Hi all - I have a problem with a Japanese maple slowly losing its leaves and apparently dying off (photos attached). Oddly, it seems to only be affecting one side of the tree at the moment. Planted in part shade and I wonder whether the ground might be too moist and there might be problems with root rot. But the problem has emerged fairly quickly and after the tree has been in place for a number of years. Any thoughts? 

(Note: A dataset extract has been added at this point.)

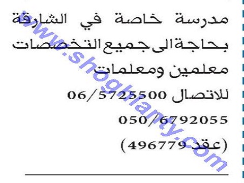 تعلن مدرسة خاصة في الشارقة عن حاجاتها إلي معلمين ومعلمات بجميع التخصصات.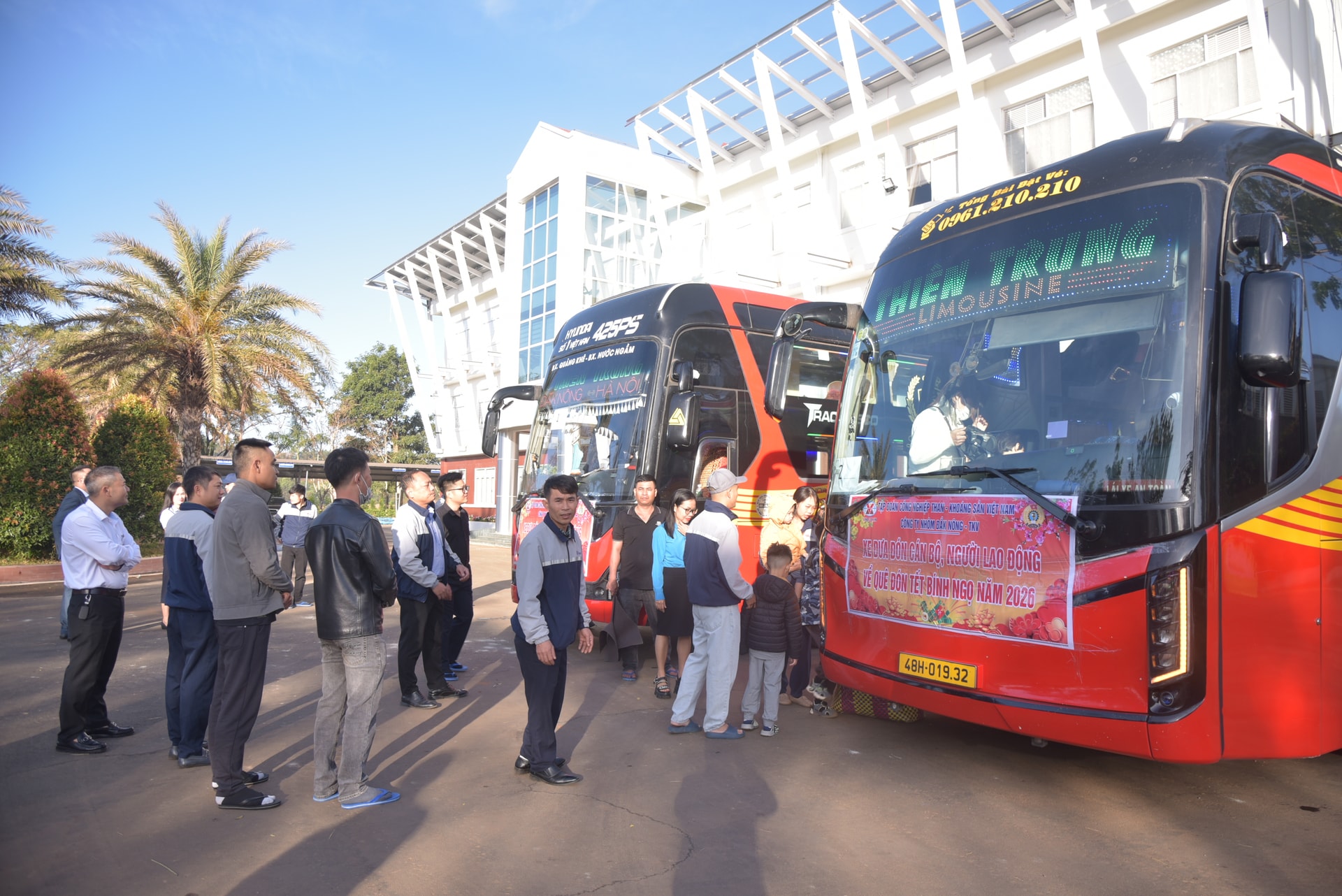 Công ty Nhôm Đắk Nông - TKV bố trí 8 chuyến xe miễn phí đưa đón 261 lượt người lao động về quê ăn Tết

  • @ajsmithy18 Japanese Maples lose their leaves in the winter as they are deciduous.
  • Thanks Ross. I should have noted that I’m in New Zealand so we’re close to the height of summer at the moment. There are a few small buds on some of the dead looking branches but most of them are just dead twigs now (no sap).
  • FairygirlFairygirl west central ScotlandPosts: 48,907
    I was thinking the same as @rossdriscoll13 :)
    It could be the opposite problem @ajsmithy18 - too hot and dry. The green varieties struggle with sun far more than the reds, especially dissectums, because the foliage is so fine.
    If you think the ground isn't draining well though, that's certainly a problem for them. They need adequate drainage as well as moisture.
    Shrubs/trees can look fine for a long time, and then the conditions catch up, so the most recent spell of weather is the straw breaking the camel's back.
    It would be worth clearing away the surrounding foliage/plants etc, and having a look at the soil conditions - as carefully as you can. If it's very soggy, it might be worth lifting it and replanting in a better site. Not an ideal time to do it, but if it keeps failing, it'll be lost anyway.
    If it's just one side just now, there may be an obvious reason that can't be seen in the photo.  :)
    It's a place where beautiful isn't enough of a word....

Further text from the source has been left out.